The Delhi HC held that no Bar of appointments of advocates as receivers under the Securitisation & Reconstruction of Financial Assets & Enforcement of Securities Interest Act, 2002 (also known as the SARFAESI Act).
The petitioner relied upon the judgment of the Division Bench 2002 of the Bombay HC dated 06.11.2019, passed in W.P. (C) No. 28480/2019, titled Subir Chakravarty & Ors. vs.
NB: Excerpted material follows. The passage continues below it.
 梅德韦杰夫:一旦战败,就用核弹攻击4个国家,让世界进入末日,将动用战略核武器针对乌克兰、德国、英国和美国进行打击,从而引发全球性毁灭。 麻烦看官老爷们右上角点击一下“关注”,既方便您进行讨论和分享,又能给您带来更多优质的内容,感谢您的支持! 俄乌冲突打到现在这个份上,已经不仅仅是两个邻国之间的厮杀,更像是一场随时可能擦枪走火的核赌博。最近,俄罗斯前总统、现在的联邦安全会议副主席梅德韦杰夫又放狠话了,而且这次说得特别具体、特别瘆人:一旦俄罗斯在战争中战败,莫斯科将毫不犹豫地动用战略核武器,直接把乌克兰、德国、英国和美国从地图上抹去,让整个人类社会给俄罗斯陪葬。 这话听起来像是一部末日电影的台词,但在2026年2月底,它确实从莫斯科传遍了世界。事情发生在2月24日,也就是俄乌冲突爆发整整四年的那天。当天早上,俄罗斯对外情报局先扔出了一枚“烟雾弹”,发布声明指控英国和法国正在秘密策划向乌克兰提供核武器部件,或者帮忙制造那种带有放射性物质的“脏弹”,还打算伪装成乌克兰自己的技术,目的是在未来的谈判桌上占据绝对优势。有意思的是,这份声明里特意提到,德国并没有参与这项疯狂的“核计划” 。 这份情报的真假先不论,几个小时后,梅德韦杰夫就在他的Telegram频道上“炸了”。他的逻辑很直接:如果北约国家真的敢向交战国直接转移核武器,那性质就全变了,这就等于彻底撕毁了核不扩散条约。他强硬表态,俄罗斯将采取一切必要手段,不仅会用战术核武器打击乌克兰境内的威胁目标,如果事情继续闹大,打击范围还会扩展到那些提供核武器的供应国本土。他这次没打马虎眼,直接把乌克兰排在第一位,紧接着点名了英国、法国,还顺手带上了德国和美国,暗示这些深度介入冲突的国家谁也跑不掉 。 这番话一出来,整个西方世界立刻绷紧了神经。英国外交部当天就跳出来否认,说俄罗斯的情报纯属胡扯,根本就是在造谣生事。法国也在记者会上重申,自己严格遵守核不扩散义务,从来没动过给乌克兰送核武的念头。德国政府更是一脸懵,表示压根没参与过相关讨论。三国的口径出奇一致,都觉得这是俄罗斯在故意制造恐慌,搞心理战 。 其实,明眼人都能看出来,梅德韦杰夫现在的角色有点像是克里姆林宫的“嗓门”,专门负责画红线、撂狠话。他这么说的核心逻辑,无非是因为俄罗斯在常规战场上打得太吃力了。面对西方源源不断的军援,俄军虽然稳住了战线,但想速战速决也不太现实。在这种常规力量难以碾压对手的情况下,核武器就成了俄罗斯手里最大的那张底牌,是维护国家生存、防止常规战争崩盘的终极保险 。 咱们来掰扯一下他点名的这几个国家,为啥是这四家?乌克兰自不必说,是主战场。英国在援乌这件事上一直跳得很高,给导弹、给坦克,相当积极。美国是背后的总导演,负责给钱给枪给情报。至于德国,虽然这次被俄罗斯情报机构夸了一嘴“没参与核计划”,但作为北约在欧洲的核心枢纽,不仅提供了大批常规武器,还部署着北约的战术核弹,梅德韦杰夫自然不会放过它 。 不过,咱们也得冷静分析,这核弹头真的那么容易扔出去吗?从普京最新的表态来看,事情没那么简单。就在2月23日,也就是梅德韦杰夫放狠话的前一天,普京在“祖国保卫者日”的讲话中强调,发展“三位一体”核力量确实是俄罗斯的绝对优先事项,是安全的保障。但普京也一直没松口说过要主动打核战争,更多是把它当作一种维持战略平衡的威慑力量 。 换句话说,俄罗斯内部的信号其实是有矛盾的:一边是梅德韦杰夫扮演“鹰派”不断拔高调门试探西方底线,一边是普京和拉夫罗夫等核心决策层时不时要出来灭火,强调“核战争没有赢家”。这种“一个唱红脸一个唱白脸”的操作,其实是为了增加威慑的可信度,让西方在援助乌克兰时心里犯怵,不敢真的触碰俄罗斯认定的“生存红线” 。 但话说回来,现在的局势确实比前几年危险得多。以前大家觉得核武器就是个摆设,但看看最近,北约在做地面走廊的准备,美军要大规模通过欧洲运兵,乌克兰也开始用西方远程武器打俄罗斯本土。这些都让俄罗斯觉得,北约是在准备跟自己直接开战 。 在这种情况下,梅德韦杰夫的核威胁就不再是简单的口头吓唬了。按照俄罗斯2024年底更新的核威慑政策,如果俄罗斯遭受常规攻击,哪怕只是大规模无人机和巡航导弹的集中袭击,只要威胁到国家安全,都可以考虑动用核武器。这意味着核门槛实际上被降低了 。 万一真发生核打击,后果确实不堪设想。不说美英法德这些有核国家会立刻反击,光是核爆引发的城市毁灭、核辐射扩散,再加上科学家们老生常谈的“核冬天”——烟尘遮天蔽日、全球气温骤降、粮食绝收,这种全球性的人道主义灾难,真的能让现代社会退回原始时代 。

Kotak Mahindra Bank Ltd.
The receiver has been appointed by the learned CMM vide order dated 05.12.2019 & has appointed an advocate to take possession of the secured asset & Counsel for the petitioner doesn't dispute the fact that the receiver appointed by the learned CMM has taken possession of the subject secured asset on 16.01.2020.
The petitioners contended that the appointment of an advocate as a receiver was contrary to the provisions of Section 14 (1A) of the Securitisation & Reconstruction of Financial Assets & Enforcement of Securities Interest Act, 2002 &, therefore, that part of the order passed by the learned CMM should be set aside as was done by the Bombay HC in the aforementioned matter.
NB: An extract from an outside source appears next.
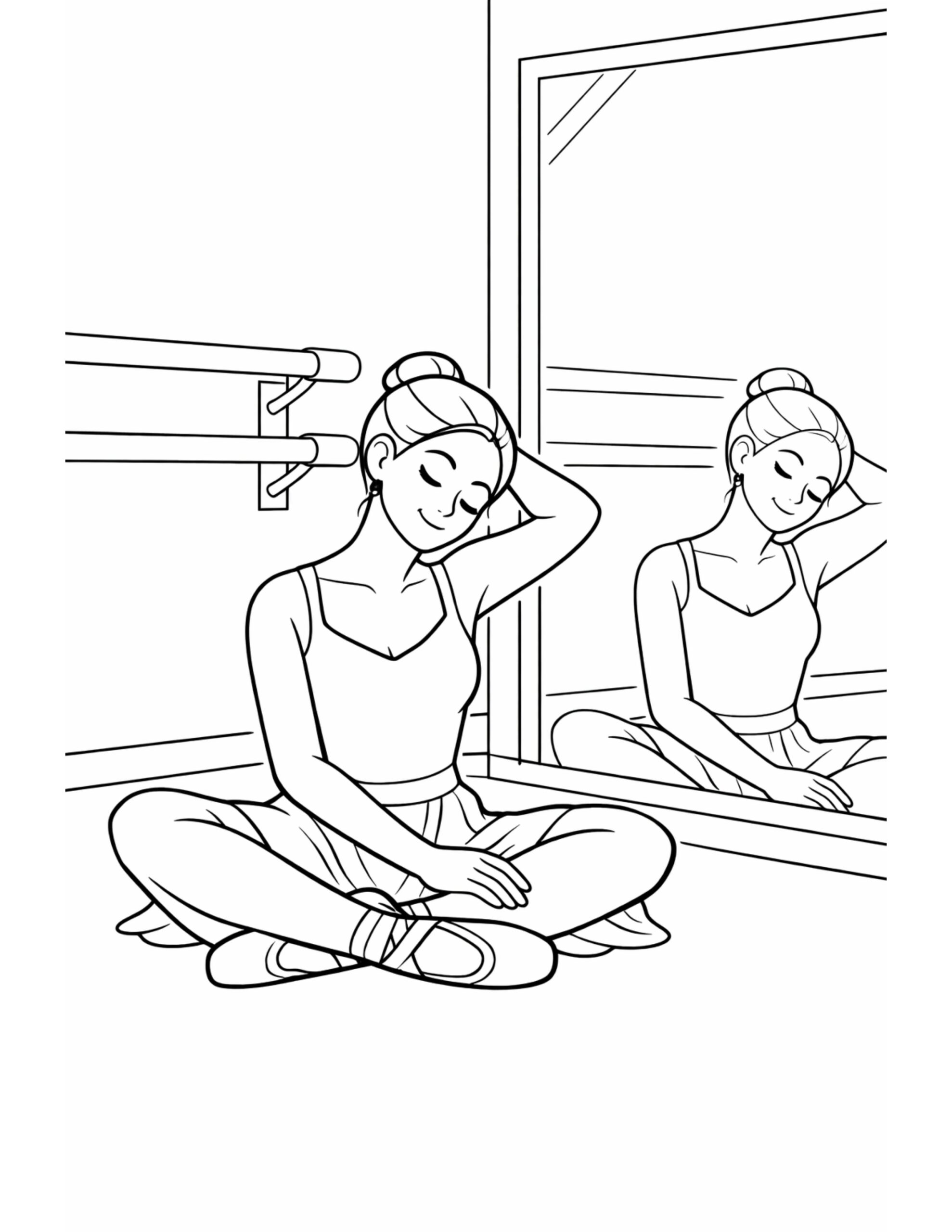Ballet stretch beside a studio mirror coloring page

Justice Rajiv Shakdher observed that after the insertion of sub-section (1A) in Section 14, the only change that has been brought about is that the District Magistrate/CMM has now the discretion to appoint even their subordinate officers as receivers.
While dismissing the petition, the Court observed that provision vests discretion in the District Magistrate/CMM & as long the discretion is exercised with due care & caution, the appointment of advocates as receivers can't be faulted.